DATASET EXTRACT:

☆ ☆ ☆ ☆ ☆

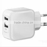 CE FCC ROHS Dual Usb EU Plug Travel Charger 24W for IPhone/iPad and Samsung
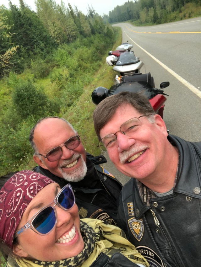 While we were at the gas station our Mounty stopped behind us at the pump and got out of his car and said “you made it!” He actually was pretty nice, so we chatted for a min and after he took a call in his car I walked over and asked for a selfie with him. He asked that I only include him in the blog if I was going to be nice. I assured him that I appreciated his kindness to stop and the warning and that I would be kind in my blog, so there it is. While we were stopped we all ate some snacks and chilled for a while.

☆ ☆ ☆ ☆ ☆

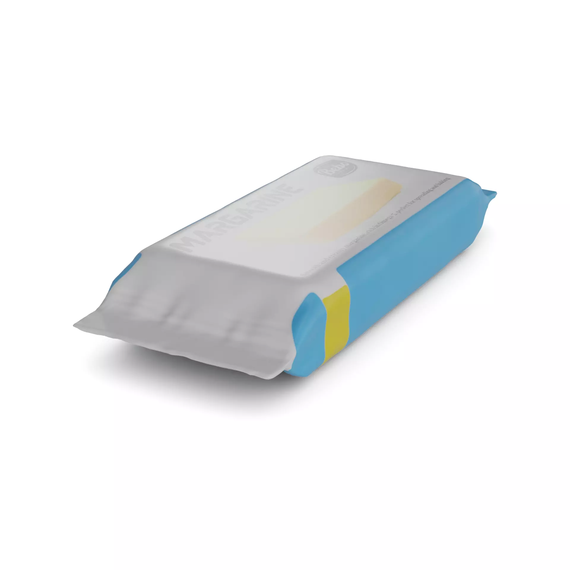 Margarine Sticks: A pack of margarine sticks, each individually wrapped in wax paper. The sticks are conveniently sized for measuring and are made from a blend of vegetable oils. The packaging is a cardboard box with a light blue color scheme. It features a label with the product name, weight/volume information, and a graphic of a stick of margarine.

☆ ☆ ☆ ☆ ☆

Precisely those lines above that run from the line with "CE FCC ROHS" up to and including the line with "While we were at" are to be set down, with the pictures omitted.

 CE FCC ROHS Dual Usb EU Plug Travel Charger 24W for IPhone/iPad and Samsung
 While we were at the gas station our Mounty stopped behind us at the pump and got out of his car and said “you made it!” He actually was pretty nice, so we chatted for a min and after he took a call in his car I walked over and asked for a selfie with him. He asked that I only include him in the blog if I was going to be nice. I assured him that I appreciated his kindness to stop and the warning and that I would be kind in my blog, so there it is. While we were stopped we all ate some snacks and chilled for a while.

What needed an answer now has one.